[How to complete this task] Find the line containing "Below is an" in the listing below; reproduce it and every line after, exactly. Skip pictures.

--------

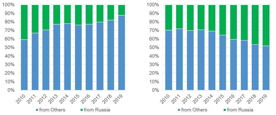 Рисунок 2. Доля России в китайском импорте круглого леса (слева) и пиломатериалов (справа)
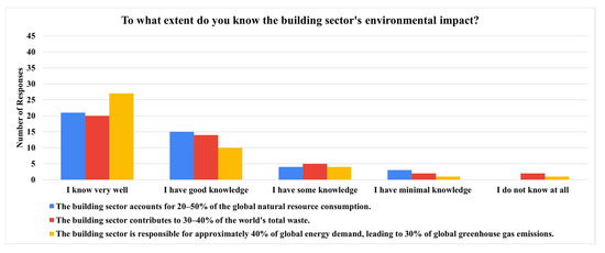 Figure 5), “To what extent do you know the building sectors’ environmental impact?” indicated the stakeholders’ high level of knowledge and awareness about the building sector’s environmental impact, specifically for the natural resource demand and consumption and greenhouse gas emissions, while notably for waste production, their knowledge and awareness are less comprehensive [
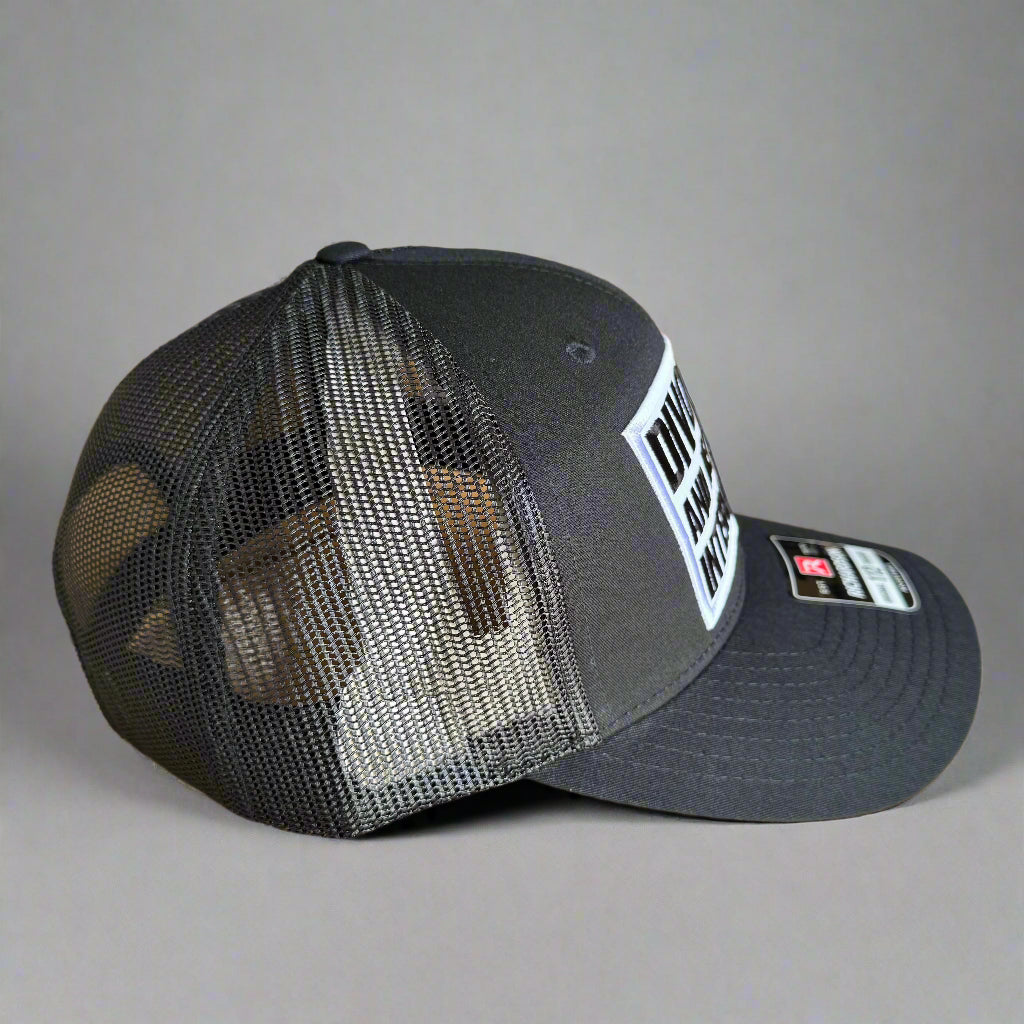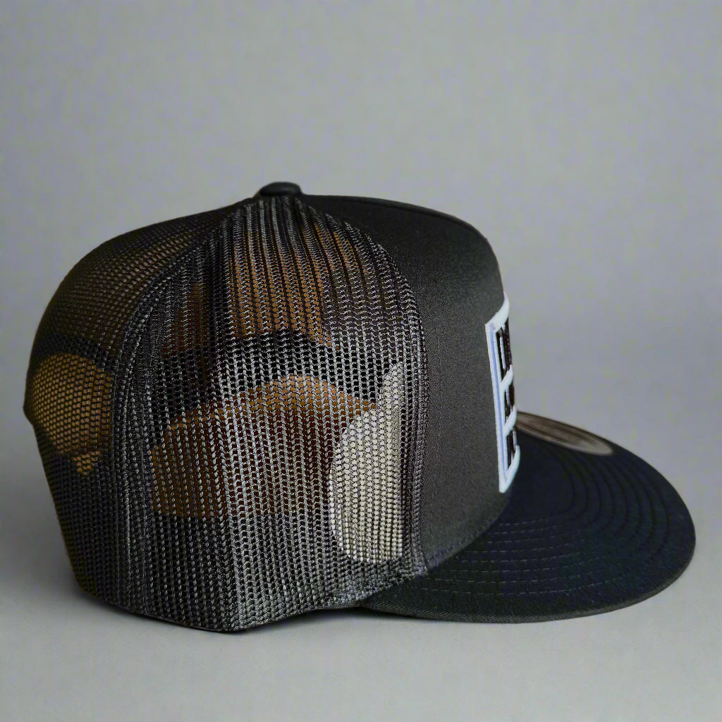 flat bill, mesh back, high profile, adjustable snapback closure
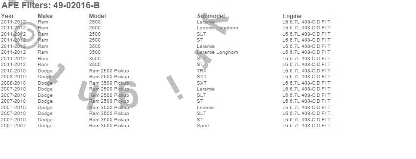 Below is an abreviated list of applications for the ATLAS DPF-Back Exhaust System.
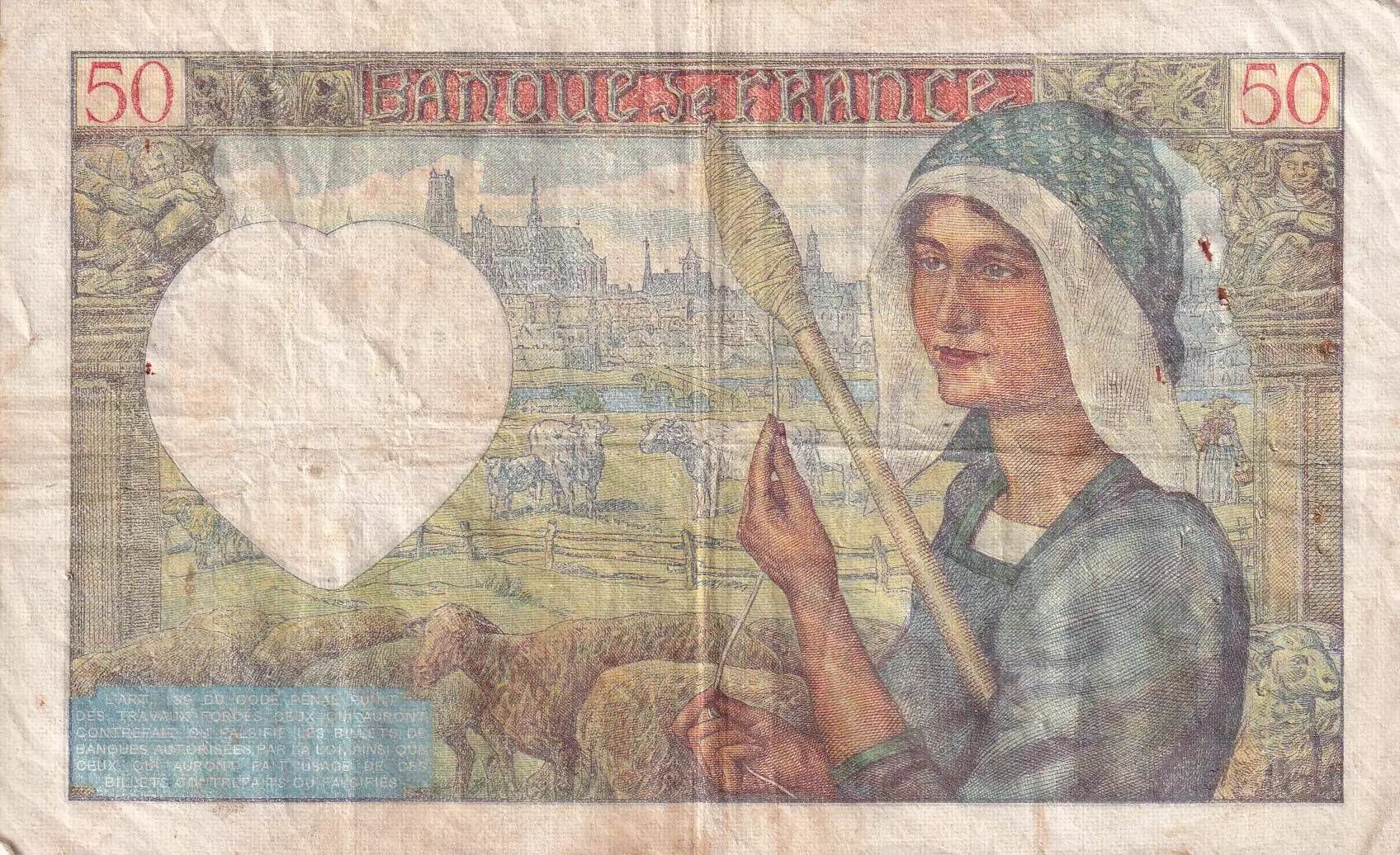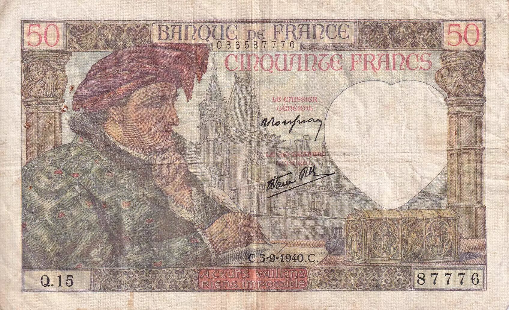 Banknote France 50 Francs Jacques Coeur - 05-09-1940 - Serial Q.15 - F to VF - P.93

--------

[Result]
 Below is an abreviated list of applications for the ATLAS DPF-Back Exhaust System.
 Banknote France 50 Francs Jacques Coeur - 05-09-1940 - Serial Q.15 - F to VF - P.93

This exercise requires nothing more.